Records from a dataset
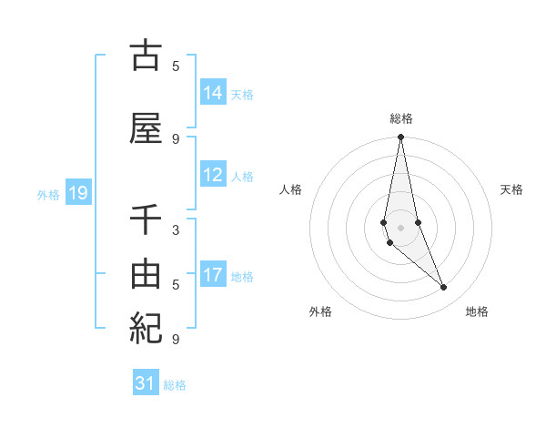 古屋 千由紀さんを姓名の画数から五運を鑑定
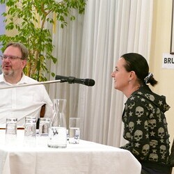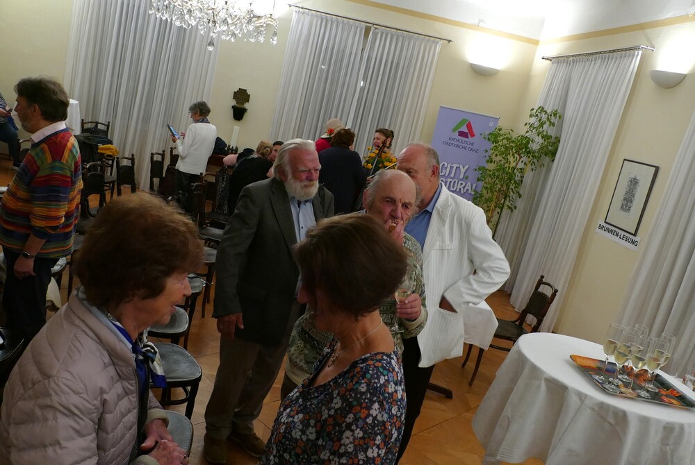 Die Brunnenlesung bot einen bereichernden Abend, der Literatur und Musik verband. Die Stimmung war ausgezeichnet und die Begegnungen im Anschluss bei Brötchen, Sekt und Getränken wurden gerne und ausgiebig wahrgenommen.
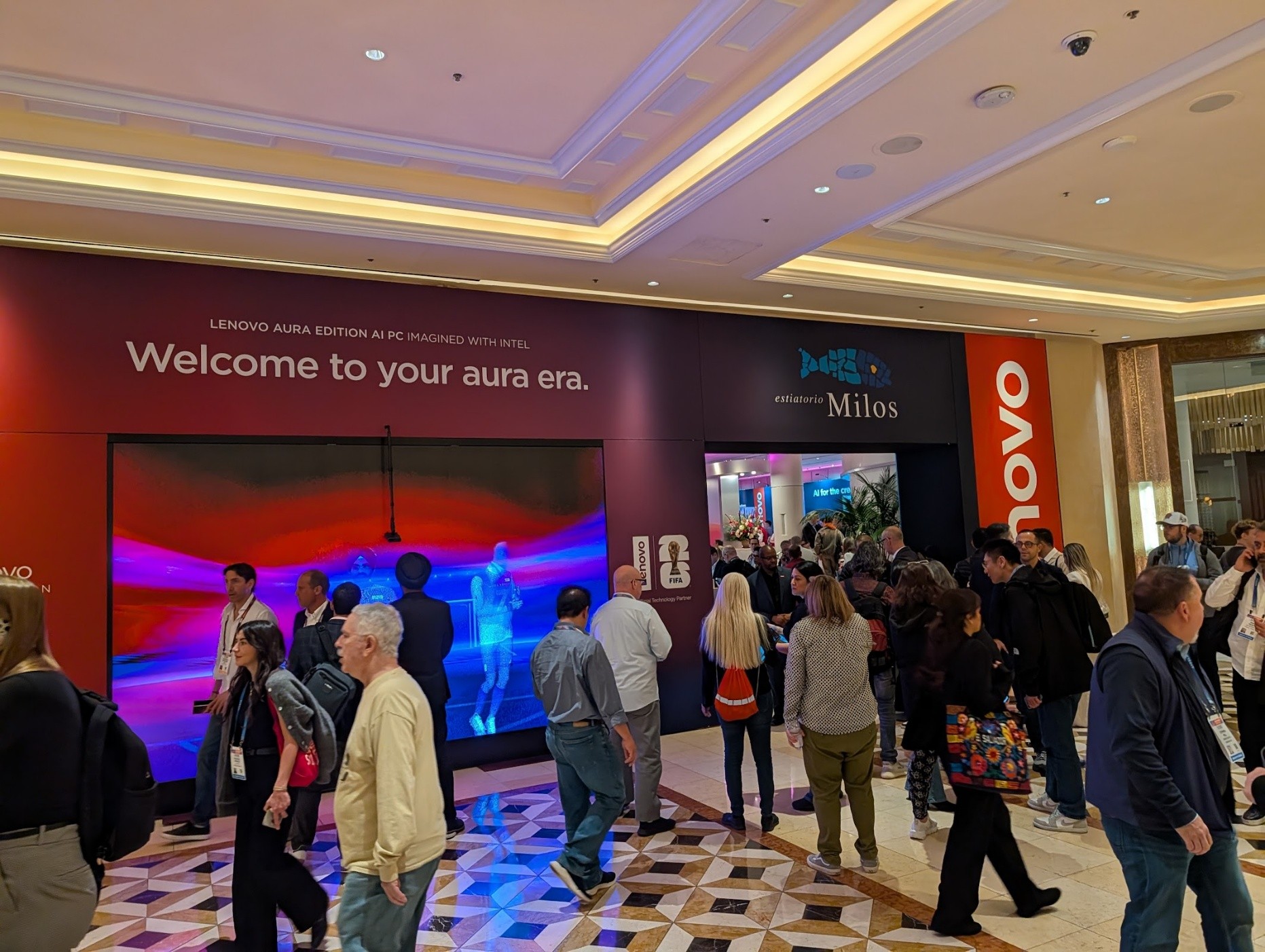 今年はサムスンがホテルでのクローズドな展示となったが、毎年CES Innovation Awardsを受賞している仏ロレアル社も、以前は、CES Unveiledといったメディア向けの前夜祭に展示をしていたものの、今ではホテルの会議室での招待客のみの展示となっている。レノボもかなり前から、会場に隣接したホテルのレストランを貸し切り、招待された人だけが入れる展示となっており(ただ今年は、例年とは異なりSphereという球体状のイベント施設で昨年のデルタ航空に続く華やかなキーノートを行った)、メディアであってもアポをとっていないと入れない。
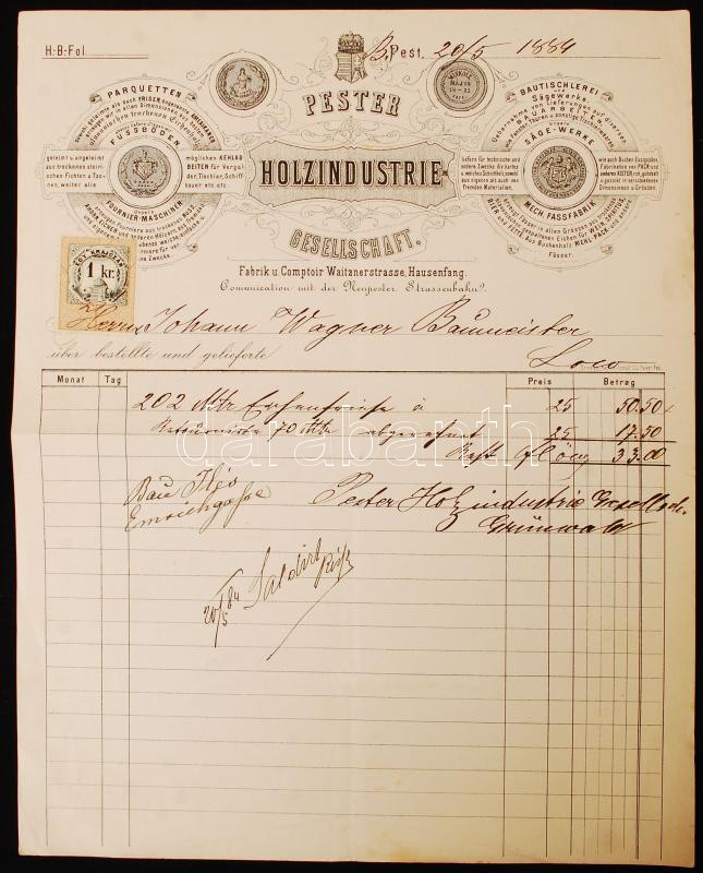 1886 Pester Holzindustrie fejléces számla / Invoice https://www.darabanth.com/hu/19-Nagyaukcio/19.1/Mutargy-papirregiseg/Okmanyok~6533/1886-Pester-Holzindustrie-fejleces-szamla-Invoice~II933843
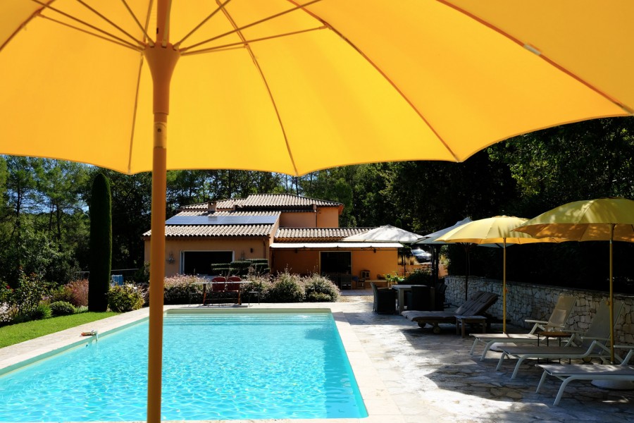 Die Villa verfügt über vier komfortable Schlafzimmer, jedes mit eigenem Bad. Drei Schlafzimmer befinden sich im Obergeschoss, eines im Erdgeschoss.
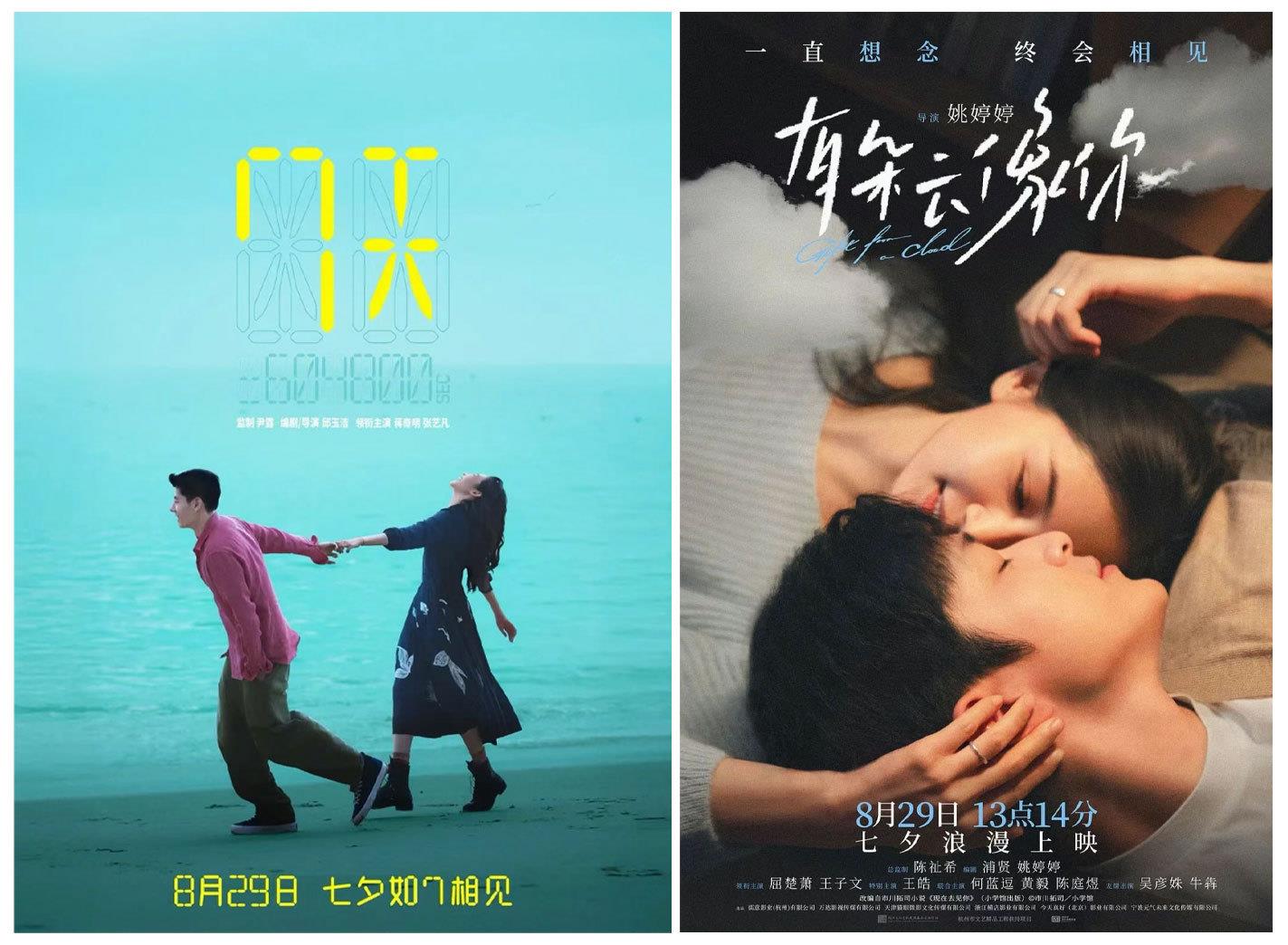 今日是七夕,爱情片《7天》《有朵云像你》也会与观众见面。
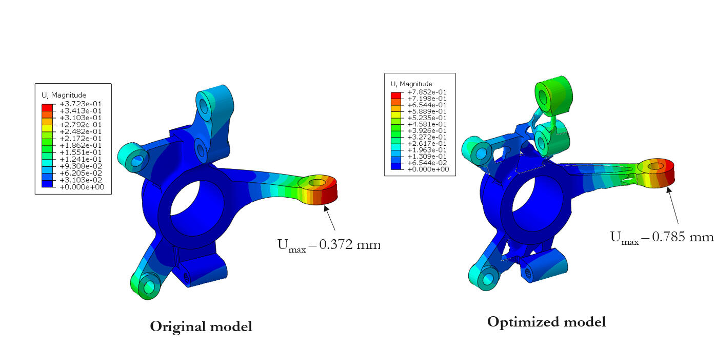 The original aluminum knuckle weighed 1.07 kg. After optimization, the mass was reduced to 0.65 kg—a 35% weight reduction—while maintaining structural integrity. Maximum displacement increased from 0.372 mm (original) to 0.785 mm (optimized), remaining within acceptable limits for performance and safety.
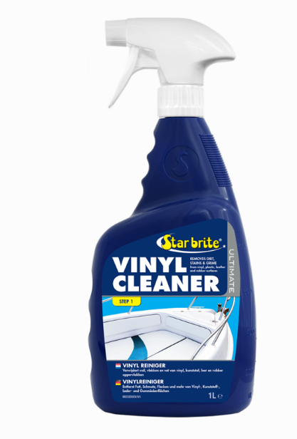 Star brite Ultimate Vinyl Reiniger is ontwikkeld om het hardnekkigste vuil, roet en vettige vlekken van vinyl, plastic, rubber en leren oppervlakken te verwijderen. Gebruik op auto-, camper- en bootbekleding, binnen- en buitenbekleding, uitrusting voor slecht weer, buitenkussens of luifels en meer.
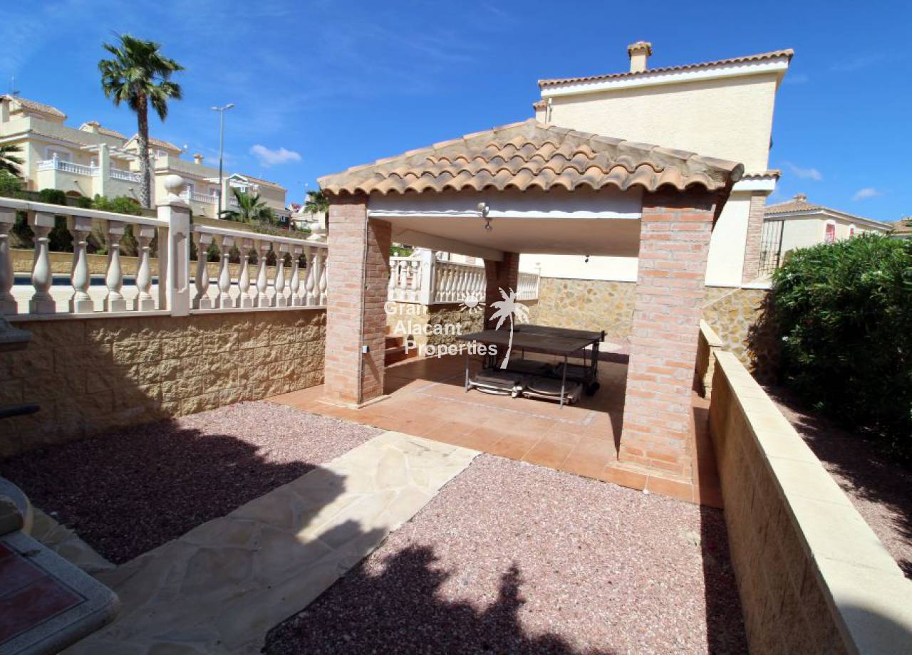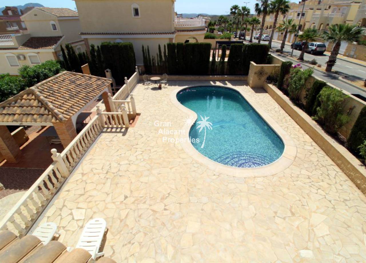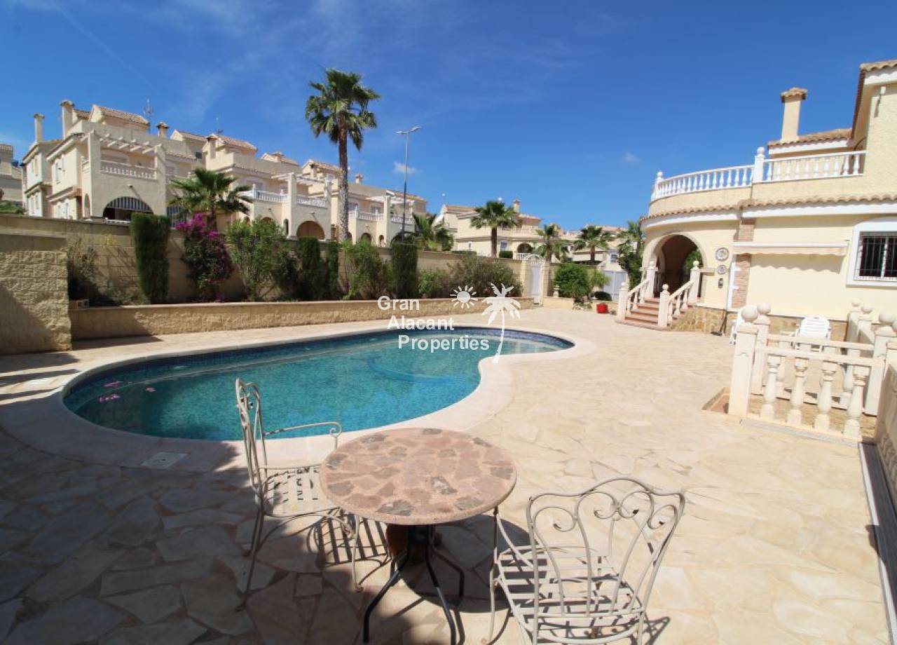 Gran Alacant Properties se complace en ofrecer este chalet estilo "Eclipse" a la venta en Montecid en Monforte del Cid en la soleada Costa Blanca de España. Este gran chalet independiente ofrece mucho espacio para toda la familia o para recibir a invitados en su enorme parcela de 600 m2 con piscina privada y zona de barbacoa.
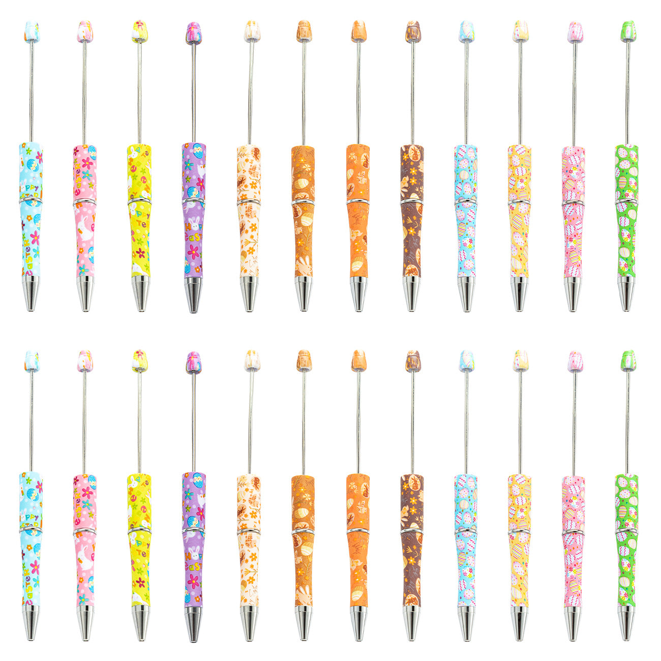 Beaded pen wholesale diy creative plastic beaded ball pen UV plating beaded three color gradual beaded pen

WORK REQUEST -
An exact copy of the records above is needed, with the pictures removed.

EXERCISE RESPONSE -
 古屋 千由紀さんを姓名の画数から五運を鑑定
 Die Brunnenlesung bot einen bereichernden Abend, der Literatur und Musik verband. Die Stimmung war ausgezeichnet und die Begegnungen im Anschluss bei Brötchen, Sekt und Getränken wurden gerne und ausgiebig wahrgenommen.
 今年はサムスンがホテルでのクローズドな展示となったが、毎年CES Innovation Awardsを受賞している仏ロレアル社も、以前は、CES Unveiledといったメディア向けの前夜祭に展示をしていたものの、今ではホテルの会議室での招待客のみの展示となっている。レノボもかなり前から、会場に隣接したホテルのレストランを貸し切り、招待された人だけが入れる展示となっており(ただ今年は、例年とは異なりSphereという球体状のイベント施設で昨年のデルタ航空に続く華やかなキーノートを行った)、メディアであってもアポをとっていないと入れない。
 1886 Pester Holzindustrie fejléces számla / Invoice https://www.darabanth.com/hu/19-Nagyaukcio/19.1/Mutargy-papirregiseg/Okmanyok~6533/1886-Pester-Holzindustrie-fejleces-szamla-Invoice~II933843
 Die Villa verfügt über vier komfortable Schlafzimmer, jedes mit eigenem Bad. Drei Schlafzimmer befinden sich im Obergeschoss, eines im Erdgeschoss.
 今日是七夕,爱情片《7天》《有朵云像你》也会与观众见面。
 The original aluminum knuckle weighed 1.07 kg. After optimization, the mass was reduced to 0.65 kg—a 35% weight reduction—while maintaining structural integrity. Maximum displacement increased from 0.372 mm (original) to 0.785 mm (optimized), remaining within acceptable limits for performance and safety.
 Star brite Ultimate Vinyl Reiniger is ontwikkeld om het hardnekkigste vuil, roet en vettige vlekken van vinyl, plastic, rubber en leren oppervlakken te verwijderen. Gebruik op auto-, camper- en bootbekleding, binnen- en buitenbekleding, uitrusting voor slecht weer, buitenkussens of luifels en meer.
 Gran Alacant Properties se complace en ofrecer este chalet estilo "Eclipse" a la venta en Montecid en Monforte del Cid en la soleada Costa Blanca de España. Este gran chalet independiente ofrece mucho espacio para toda la familia o para recibir a invitados en su enorme parcela de 600 m2 con piscina privada y zona de barbacoa.
 Beaded pen wholesale diy creative plastic beaded ball pen UV plating beaded three color gradual beaded pen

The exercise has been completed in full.